B.2 Development 1D model

For the downstream parts of the rivers Rhine and Meuse a 1D model was already developed. This model is called “Noordelijk Delta Bekken model” and includes the water bodies near Dordrecht. The model was used for the 1D simulations. The boundary conditions were adjusted to correspond with the reference scenario’s (design discharge conditions).

B.2.1 Boundary conditions

Through statistical analysis, combinations of boundary conditions were determined which all result in the design water level (See paragraph A.2.2). The design water level for Dordrecht is NAP +3.01m. For Stadswerven it is expected that no flooding will occur for this water level. Therefore 1D simulations were done with a water level of NAP +3.10m, which has a return period of 4000 years.

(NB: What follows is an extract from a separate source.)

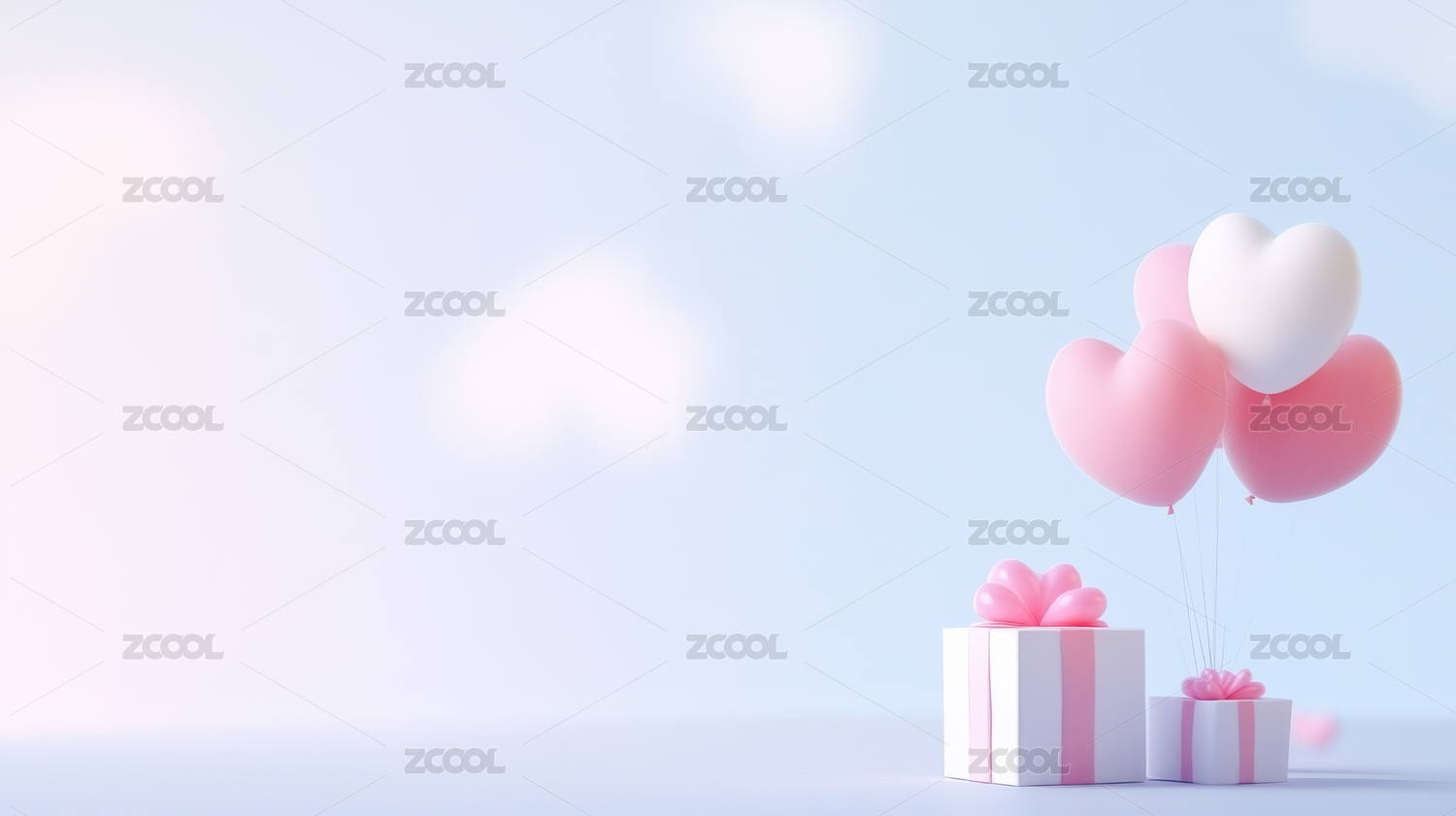 粉色,心形,气球,礼物,礼盒,节日,插画,三维图形,设计,生日

To gain a better insight into the flooding behaviour of the area under more extreme conditions, flooding simulations were also carried out for a water level of NAP +3.4m. This is the predicted design water level in the year 2100. By simulating this situation, the Stadswerven area is evaluated for the future design water level taking rising water levels due to climate change into account. There are no statistical results available for such an extreme situation and therefore no set of boundary conditions. The boundary conditions for the extreme situation have therefore been obtained by upgrading the boundary conditions for a water level of NAP +3.1m (return period of 4000 years). This is further described in paragraph B.3.2.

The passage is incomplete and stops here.